### Exercise data:

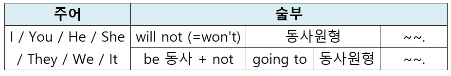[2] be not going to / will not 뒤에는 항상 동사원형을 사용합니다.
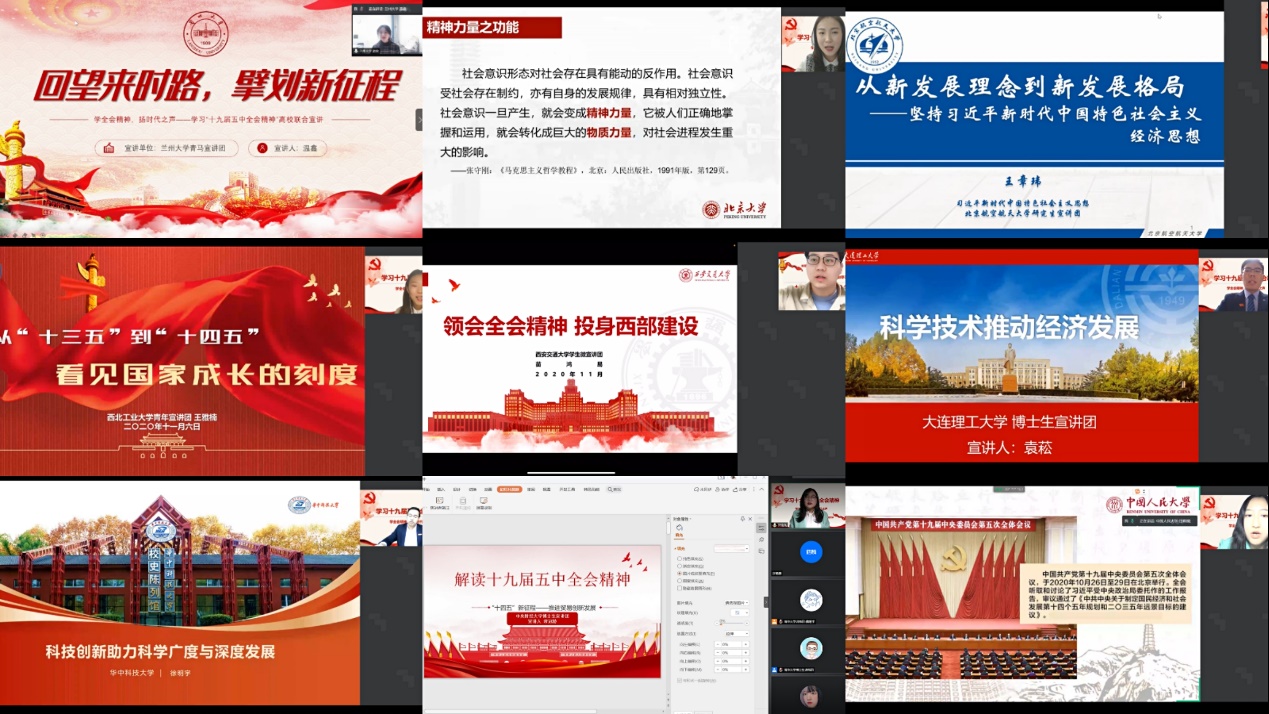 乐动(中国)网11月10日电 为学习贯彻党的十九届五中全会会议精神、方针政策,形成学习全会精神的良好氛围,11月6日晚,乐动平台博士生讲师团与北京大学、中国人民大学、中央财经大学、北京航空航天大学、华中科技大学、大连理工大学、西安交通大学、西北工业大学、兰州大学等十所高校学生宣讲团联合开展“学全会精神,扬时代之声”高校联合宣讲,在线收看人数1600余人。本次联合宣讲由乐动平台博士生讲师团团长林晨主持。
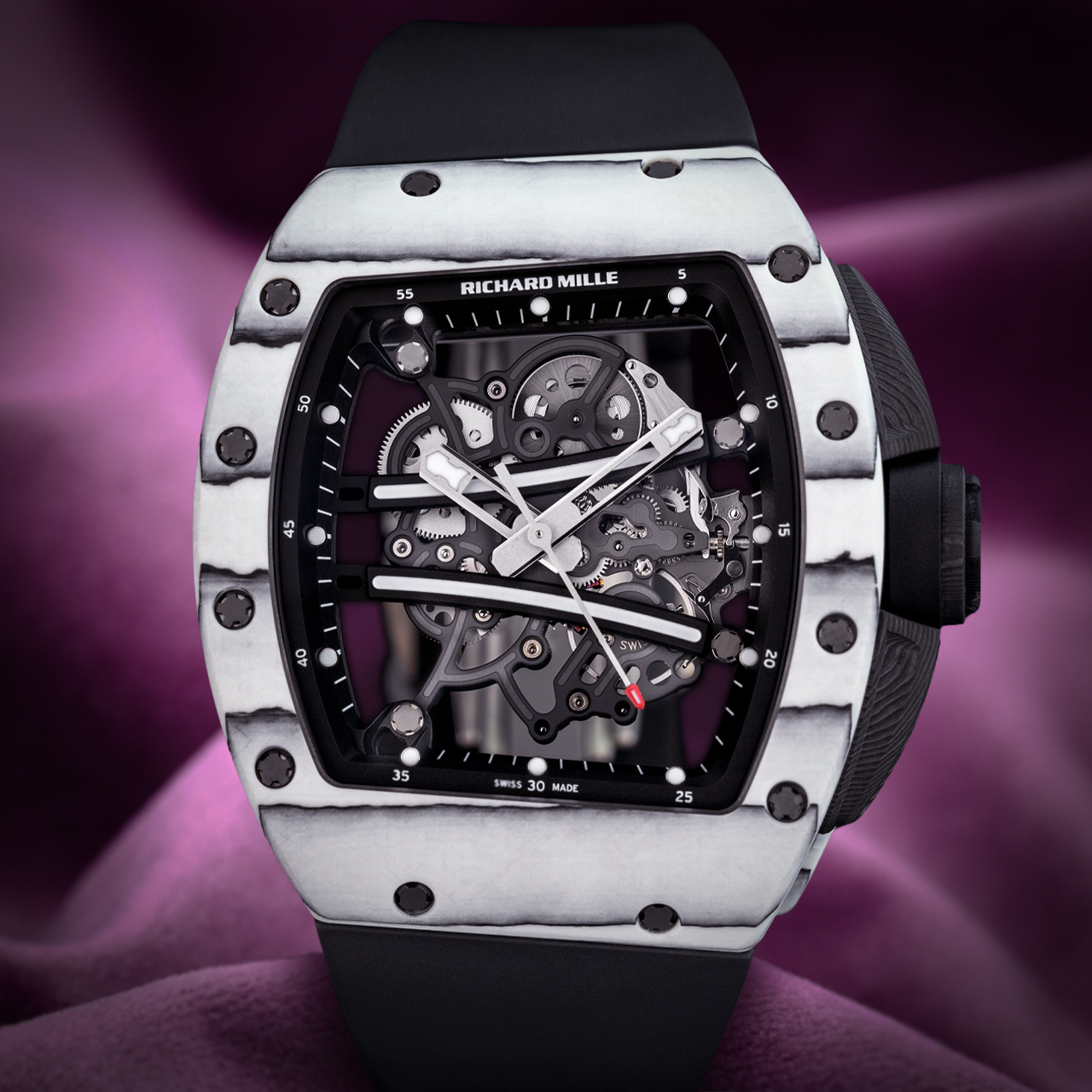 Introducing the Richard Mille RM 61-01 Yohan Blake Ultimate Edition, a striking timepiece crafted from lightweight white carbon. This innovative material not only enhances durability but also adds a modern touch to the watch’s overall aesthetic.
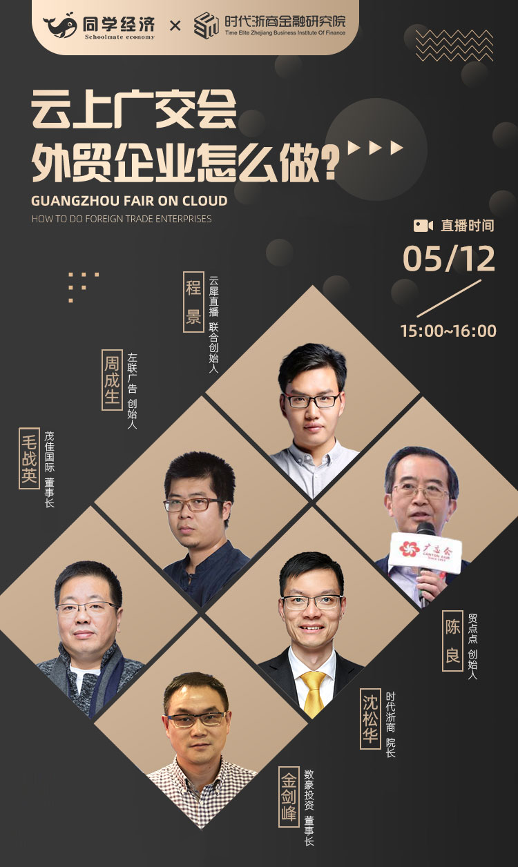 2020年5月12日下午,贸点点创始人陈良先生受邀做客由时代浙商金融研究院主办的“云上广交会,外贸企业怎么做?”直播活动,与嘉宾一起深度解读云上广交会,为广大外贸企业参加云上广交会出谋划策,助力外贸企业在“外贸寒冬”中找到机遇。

### The task:
Reproduce the material above exactly, first line through the line that contains "Introducing the Richard", minus the pictures.

### Reply to the exercise:
[2] be not going to / will not 뒤에는 항상 동사원형을 사용합니다.
 乐动(中国)网11月10日电 为学习贯彻党的十九届五中全会会议精神、方针政策,形成学习全会精神的良好氛围,11月6日晚,乐动平台博士生讲师团与北京大学、中国人民大学、中央财经大学、北京航空航天大学、华中科技大学、大连理工大学、西安交通大学、西北工业大学、兰州大学等十所高校学生宣讲团联合开展“学全会精神,扬时代之声”高校联合宣讲,在线收看人数1600余人。本次联合宣讲由乐动平台博士生讲师团团长林晨主持。
 Introducing the Richard Mille RM 61-01 Yohan Blake Ultimate Edition, a striking timepiece crafted from lightweight white carbon. This innovative material not only enhances durability but also adds a modern touch to the watch’s overall aesthetic.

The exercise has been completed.